> [Work instructions]: Retype the lines of the listing below exactly, but only those from the one containing "This War of" through the last line; pictures stay out.

*** Record set Section Begins ***

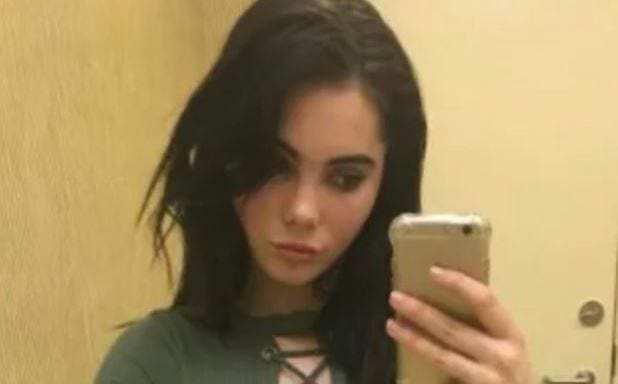 McKayla is certainly a young lady who takes her fashion very seriously, and she is constantly showing the world her evolving sense of it style. In this picture, she wears a unique green top, but what makes it interesting is the wide lacing that runs from her neck down to her belly button, where the shirt ends. Taking the selfie in the mirror with her IPhone, she seems to be either in a bathroom, a hotel room, or even a backstage dressing room.
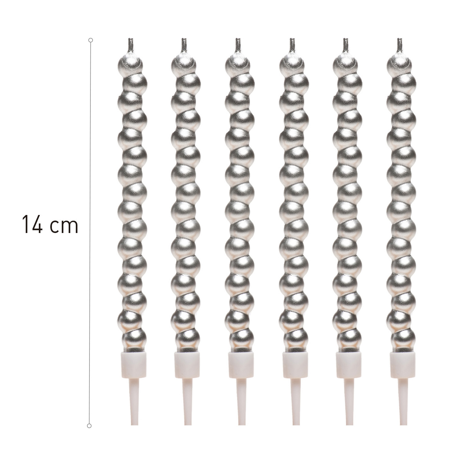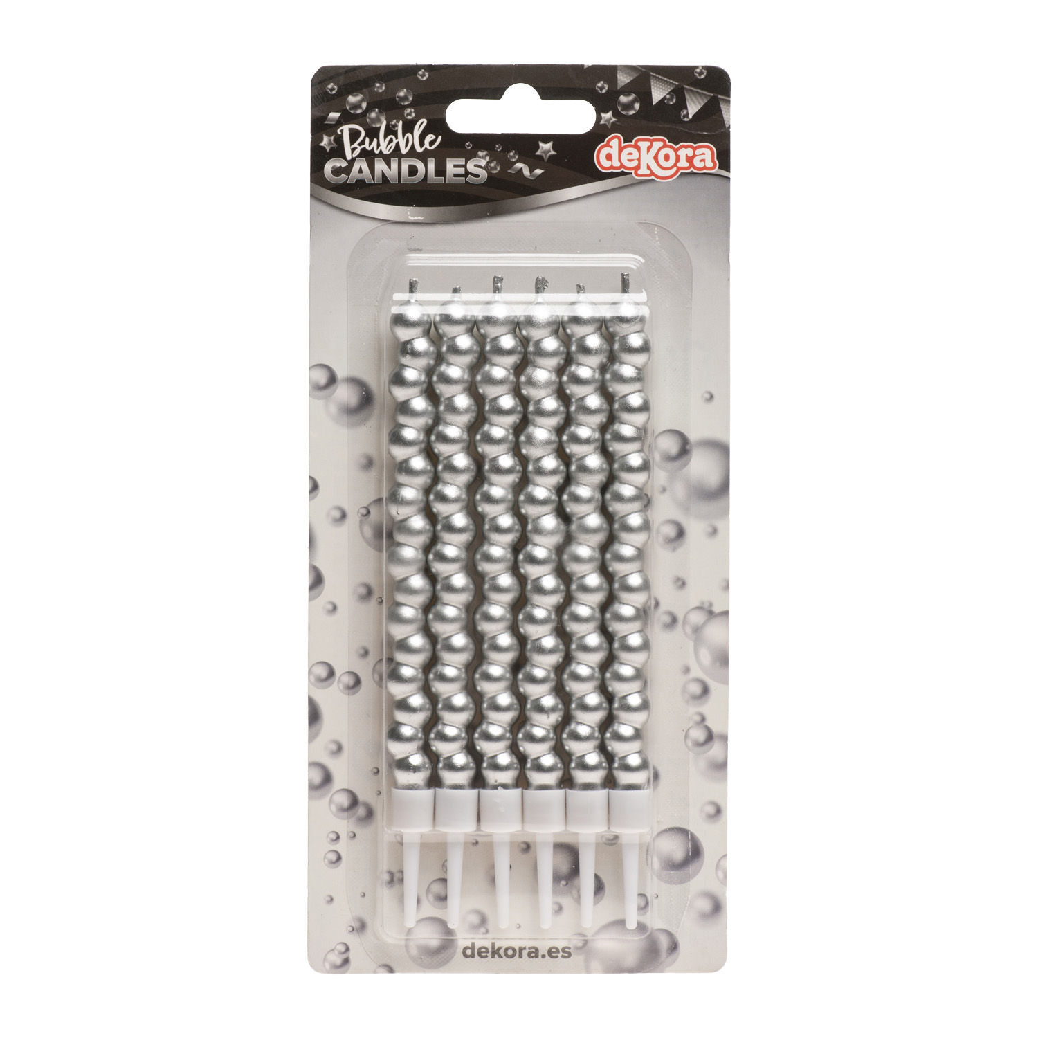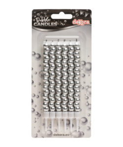 Geef jouw taart een luxe en trendy uitstraling met deze zilveren bubbelkaarsen van Dekora. De kaarsen hebben een unieke vorm waarbij kleine zilveren bubbels speels op elkaar lijken gestapeld. Dit zorgt voor een stijlvol 3D-effect dat direct opvalt en perfect past bij moderne en feestelijke taartdecoratie.
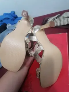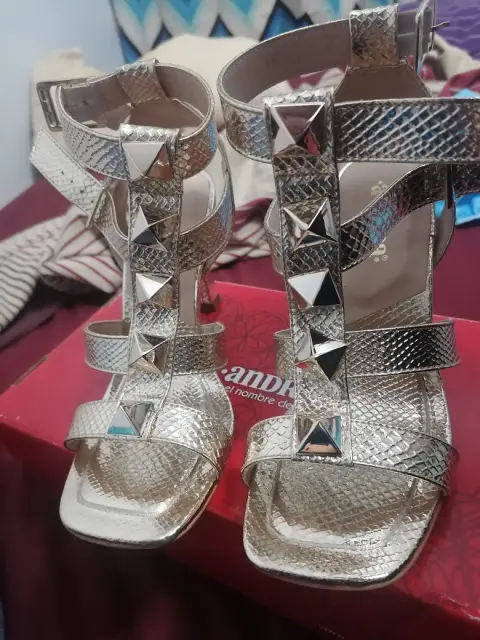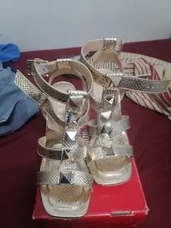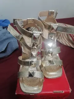 Sandalias de tacon doradasMarca andreaNuevasNumero 4Tacon aporx 9 cm
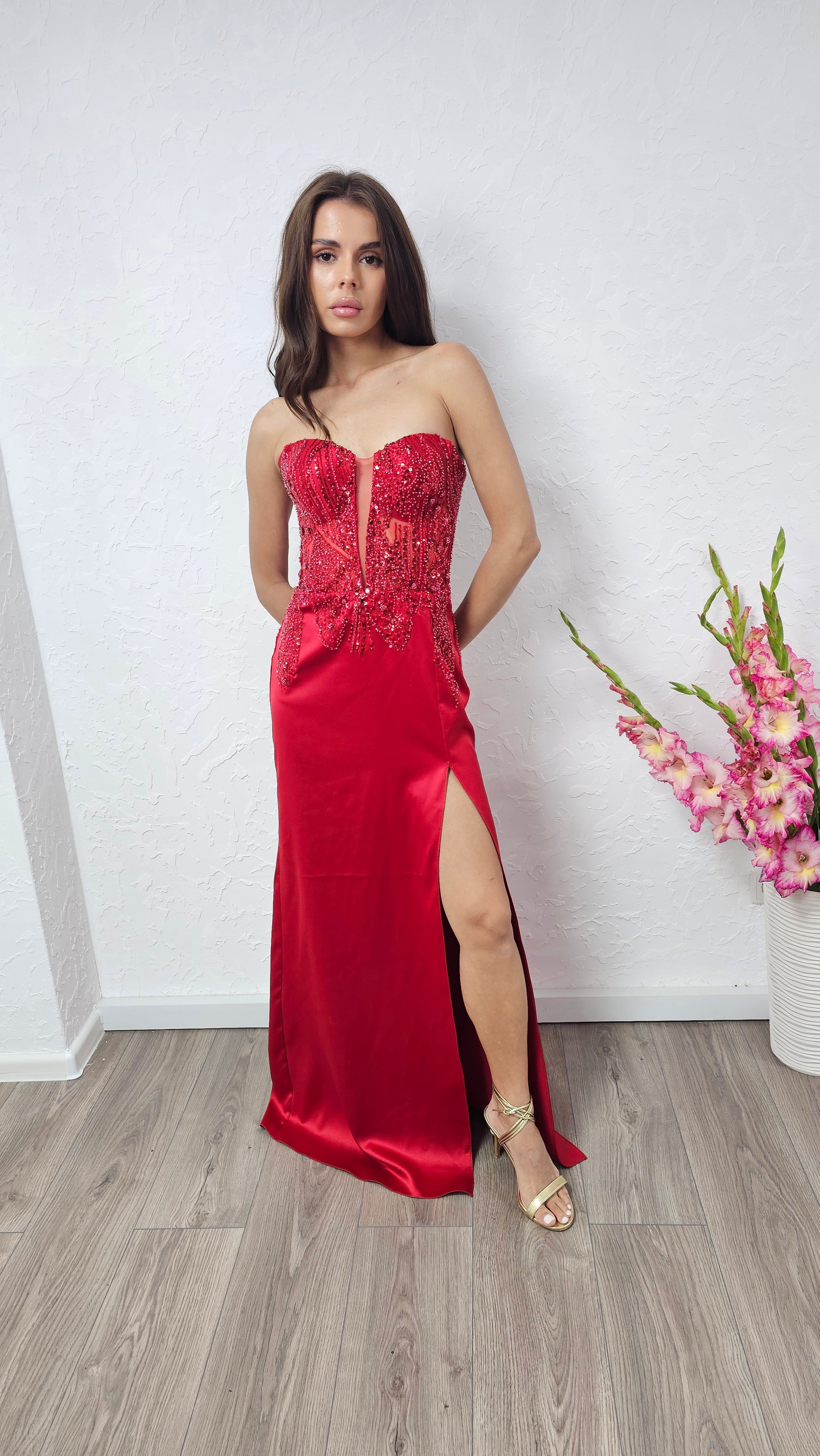 Passione Scarlatta: Questo abito rosso rappresenta l'apice dell'alta moda artigianale. Il corpetto, riccamente decorato con ricami e paillettes tono su tono, esalta la silhouette con eleganza. La gonna lunga e fluente aggiunge un tocco di maestosità, rendendo ogni passo un momento indimenticabile. Perfetto per serate di prestigio.
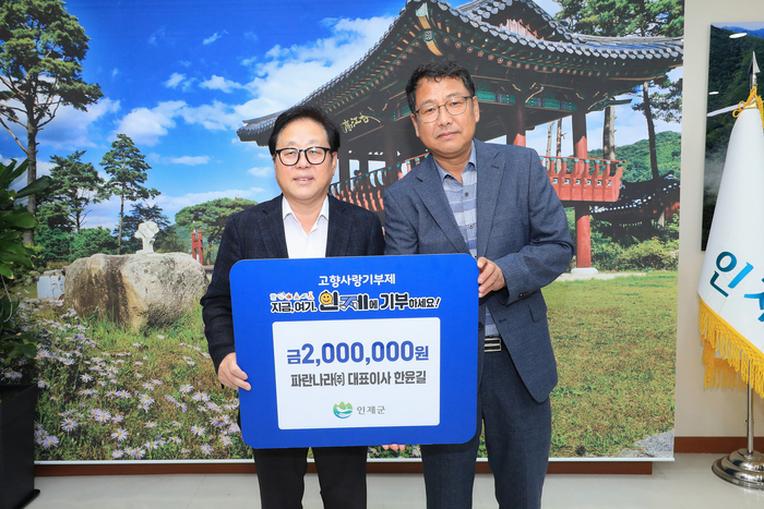 [스포츠서울ㅣ김기원기자]파란나라 주식회사 한윤길 대표이사가 26일 인제군에 고향사랑기부금 200만원을 기탁하고 인제군의 발전을 응원했다.
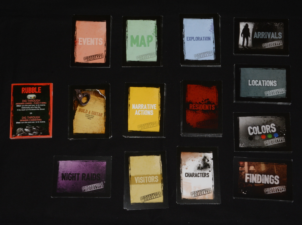 This War of Mine nutzt zahlreiche verschiedene Karten, darunter Profilkarten, Eventkarten, Locations, Einrichtungsgegenstände und Bereiche des Hauses, etc:
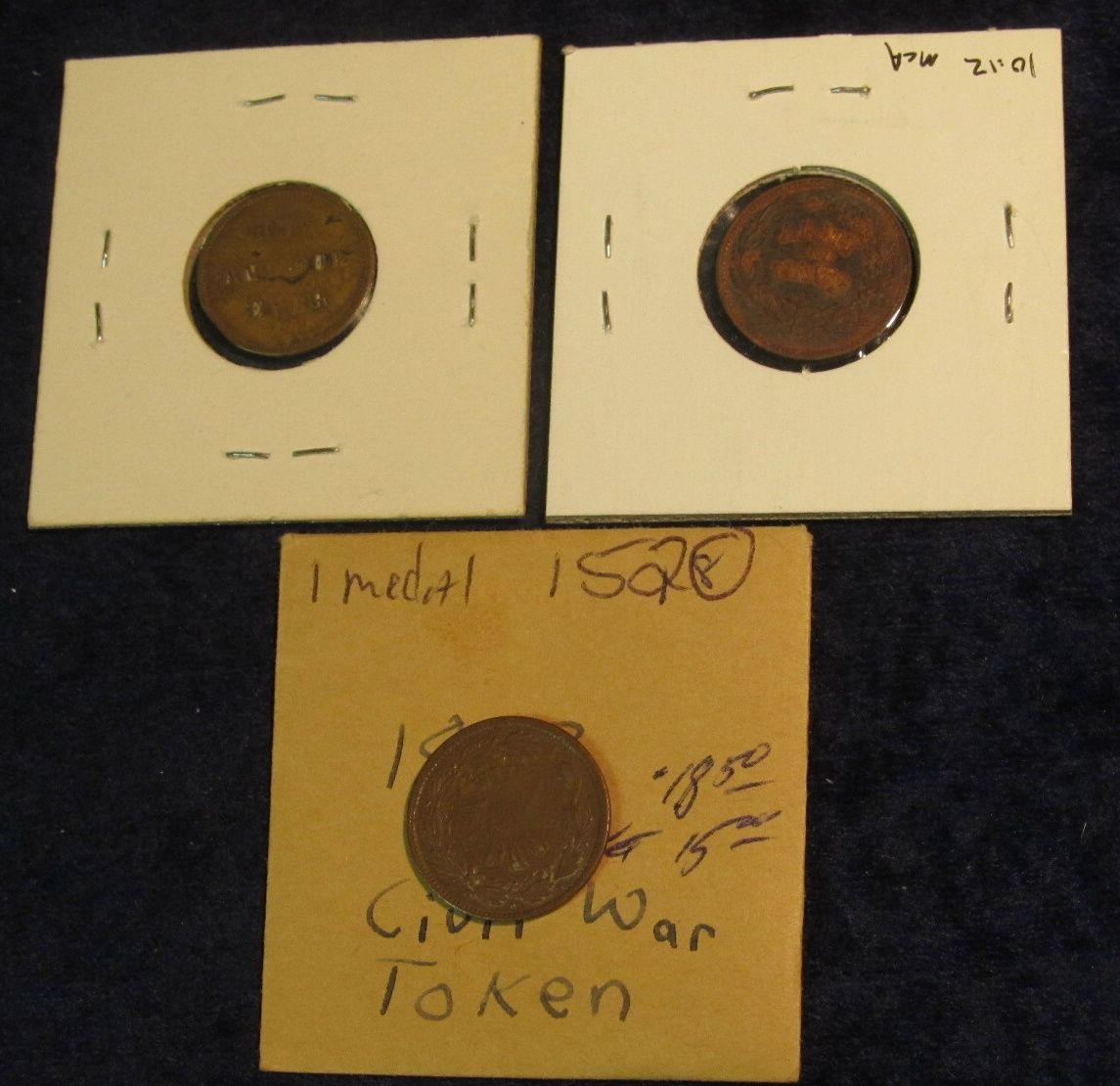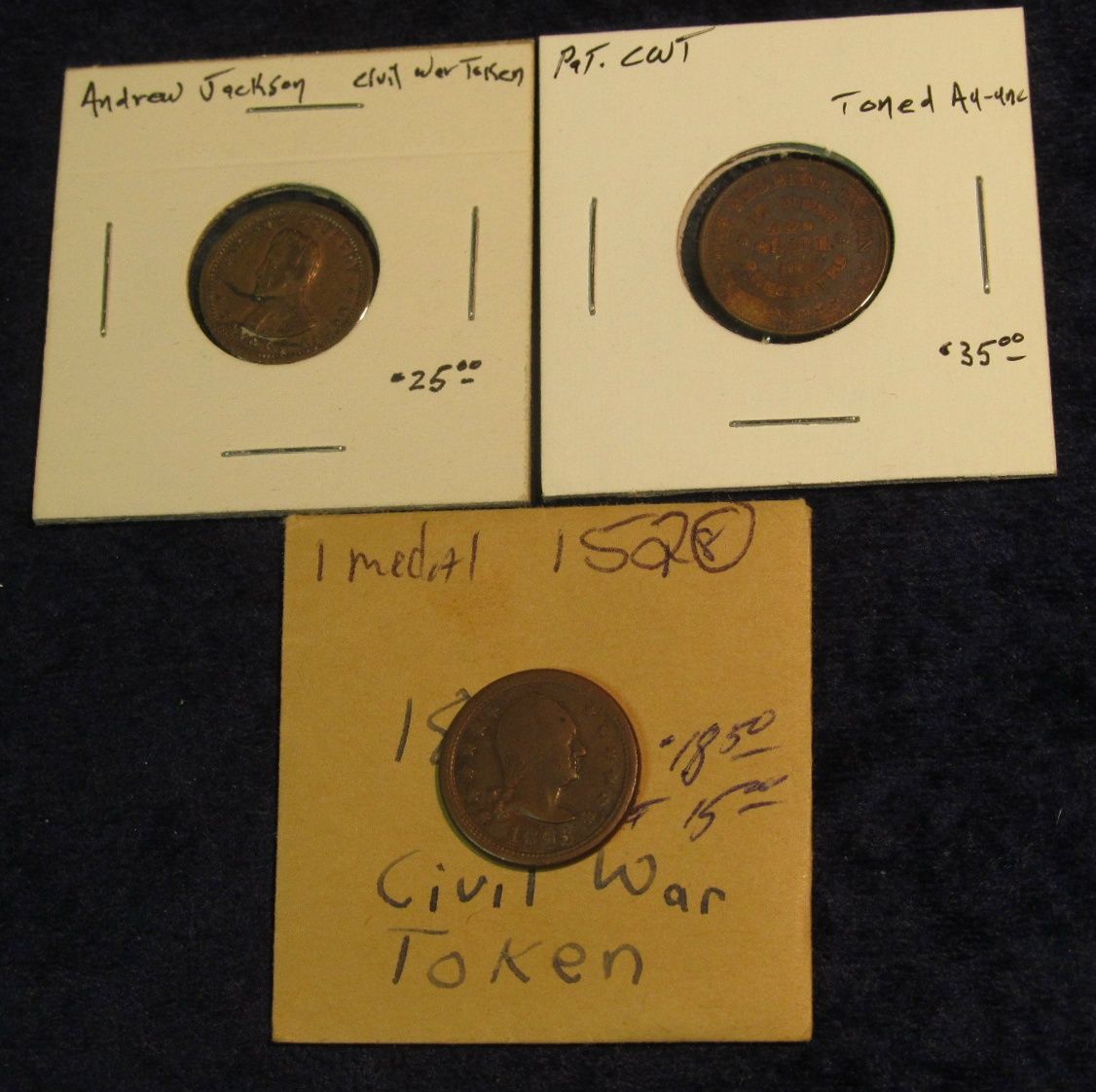 55. (3) Different Civil War Tokens: Andrew Jackson; "The Federal Union it Must and Shall be preserved"; & 1863 George Washington "1 Medal". Priced to sell at $75.00.

*** Record set Section Ends ***

> [Exercise result]:
 This War of Mine nutzt zahlreiche verschiedene Karten, darunter Profilkarten, Eventkarten, Locations, Einrichtungsgegenstände und Bereiche des Hauses, etc:
 55. (3) Different Civil War Tokens: Andrew Jackson; "The Federal Union it Must and Shall be preserved"; & 1863 George Washington "1 Medal". Priced to sell at $75.00.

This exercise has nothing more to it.